Forum Moderators: open

Message Too Old, No Replies

Bot banning consultants and/or bad bot banning services

Do they exist? Help for those of us who haven't a clue

         

Webwork

11:28 pm on Sep 12, 2006 (gmt 0)

WebmasterWorld Administrator 10+ Year Member Top Contributors Of The Month



It would likely take forever and a day to figure out how to do what you all routinely talk about back here. I mean, identify the bad guys, lay traps, master the game of whack-a-bot, . . .

Which leads me to ask: ARE THERE folks or companies that offer services to know-nothings like myself, to help us set up bot banning systems?

What can you all tell me about such companies, folks and services - if they exist? Any such entities have street cred? Any offer some form of automated service? Any school (besides here) where I can go to learn "how to" if there is no such service provider?

Shame if such bot banning assistant services done exist. Seems like it should be a booming business based on what I am reading back here and "out there", about scrapers, content thieves, MFAs, etc.

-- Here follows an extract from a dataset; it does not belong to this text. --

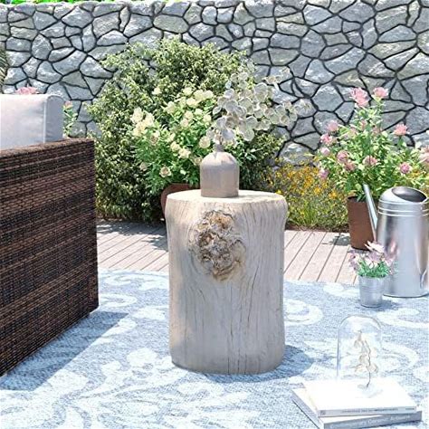 SUNBURY Outdoor Stump Side Table, Faux Wooden Concrete Sid

Thanks for your guidance. I wish I had your brains for this stuff. Anyone want to give your brain a rest and loan it to me? I promise I won't work it too hard. :0)

P.S. I love the cloak and dagger intrigue of the spider/bot threads. Kind of like Sherlock Holmes meets Dashiel Hammett meets Harry Potter meets Monte Python. ;)

Ocean10000

2:58 pm on Sep 13, 2006 (gmt 0)

WebmasterWorld Senior Member 10+ Year Member Top Contributors Of The Month



There are a few. I think they will chim in or sticky you, since droping the names would get me TOS slaped. But I can at least ask some of the more common questions they would ask you.

What OS and Webserver software are you currently running?
Examples
(1). linux/unix & apache
(2). Microsoft OS & IIS

What type of sites are you running?
(1). Personal
(2). directory
(3). wiki's
(4). others

What exactly are you looking for them do to for you?
(1). Help identify the bots in your logs?
(2). Help Identify & block them from accessing your site(s)?
(3). Cloaking to hide your real content to show them fake content?

wilderness

3:42 pm on Sep 13, 2006 (gmt 0)

WebmasterWorld Senior Member 10+ Year Member Top Contributors Of The Month



It would likely take forever and a day to figure out how to do what you all routinely talk about back here. I mean, identify the bad guys, lay traps, master the game of whack-a-bot, . . .

actually all it takes is some initative!
Do a serach at google for htaccess and sift through the crap until you find an example that your able to comprehend and then you have your beginning.
It doesn't take a schizophrenic on meds to determine crawls in your visitor logs, just the time to analyze.

Which leads me to ask: ARE THERE folks or companies that offer services to know-nothings like myself, to help us set up bot banning systems?

There are people and/or companies that will accept your fees to do most anything your desire, both set-up and maintenance.

What can you all tell me about such companies, folks and services - if they exist? Any such entities have street cred? Any offer some form of automated service? Any school (besides here) where I can go to learn "how to" if there is no such service provider?

You mean their company gets like twenty milion visitors a month, they have advertising revenue and a Dun & Bradstreet credit rating exceeding $10 mil?
Good luck!

Shame if such bot banning assistant services done exist. Seems like it should be a booming business based on what I am reading back here and "out there", about scrapers, content thieves, MFAs, etc.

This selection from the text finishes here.